From   "Newson, Roger B" <[email protected]>
To   <[email protected]>
Subject   RE: st: How to create a rank?
Date   Tue, 4 Mar 2008 20:30:27 -0000

As it happens, at least one statistical reason for using the default
ranks of -rank()- is that these are the ranks used in the Wilcoxon
ranksum test (see on-line help for -ranksum-).

These default ranks can be used to define Somers' D(Y|X), where Y is the
variable being ranked and X is a binary variable. Somers' D is the
parameter behind the so-called "non-parametric" ranksum test. If X has
values 0 and 1, then Somers' D is the difference between 2
probabilities, namely the probability that a random Y-value from the
sub-population where X==1 is larger than a random Y-value from the
subpopulation where X==0 and the probability that a random Y-value from
the subpopulation where X==0 is larger than a random Y-value from the
subpopulation where X==1.

If the sample number is N, and the numbers of X-values equal to 0 and 1
are N_0 and N_1, respectively, and Y_ij is the j'th Y-value in the
subsampl;e where X==i for i in {0,1} and j from 1 to N_i, then we have
the equality

D(Y|X) = (2/N) * ( (Sum_j=1^N_1 Rank(Y_1j)/N_1) - (Sum_j=1^N_0
Rank(Y_0j)/N_0) )

or, in other words, the difference between the 2 subsample mean ranks
multiplied by 2/N. Under these conditions, Somers' D is also known as
the rank-biserial correlation (RBC) coefficient of Cureton (1956).

I would like to thank Mike Lacy of Colorado State University for drawing
my attention to Edward Cureton's work on Somers' D for binary X, which
pre-dates the more general definition of Somers' D for possibly
non-binary X (Somers, 1962).

Roger


References

Cureton EE. Rank-biserial correlation. Psychometrika 1956; 21(3):
287-290.

Somers RH. A new asymmetric measure of association for ordinal
variables.
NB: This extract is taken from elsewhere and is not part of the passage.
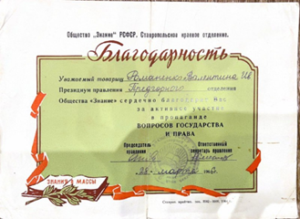 Рис. 33. Благодарность Валентине Ивановне. Архив семьи Романенко.

American Sociological Review 1962; 27: 799-811.


Roger B Newson
Lecturer in Medical Statistics
Respiratory Epidemiology and Public Health Group
National Heart and Lung Institute
Imperial College London
Royal Brompton campus
Room 33, Emmanuel Kaye Building
1B Manresa Road
London SW3 6LR
UNITED KINGDOM
Tel: +44 (0)20 7352 8121 ext 3381
Fax: +44 (0)20 7351 8322
Email: [email protected] 
Web page: www.imperial.ac.uk/nhli/r.newson/
Departmental Web page:
http://www1.imperial.ac.uk/medicine/about/divisions/nhli/respiration/pop
genetics/reph/

Opinions expressed are those of the author, not of the institution.
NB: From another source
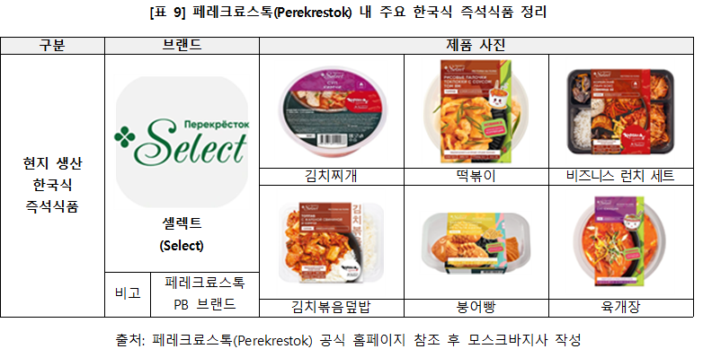 지난해 10월 엑스파이브(X5 Group) 산하 소매업체 페레크료스톡(Perekrestok)은 자사 보유 PB 브랜드인 셀렉트(Select)에 한국식 즉석식품 라인업을 추가했다. 페레크료스톡(Perekrestok) 라인업 개발 단계에서 유명 한식당의 현지인 요리사들이 참여해 즉석식품의 품질과 완성도를 획기적으로 높였다고 밝혔다.

-----Original Message-----
From: [email protected]
[mailto:[email protected]] On Behalf Of Nick Cox
Sent: 04 March 2008 18:48
To: [email protected]
Subject: RE: st: How to create a rank?

Roger makes the main point, that -egen, rank()- supports other
definitions of 
ranks that always yield integers. That is explained, although tersely,
in the on-line help. 

For most statistical purposes, ranks for n values are defined by a
choice of whether highest or lowest has rank 1 and two rules: 

1. Equal values get equal ranks. 

2. The sum of the ranks is always equal to the sum of the integers 1 to
n. 

The extra options -field- -track- and -unique- break either 1 or 2 and
correspond to occasional requests for something different. 
I don't know of a statistical case for any of them: the rationale is
more likely to be for data reporting or graphics. 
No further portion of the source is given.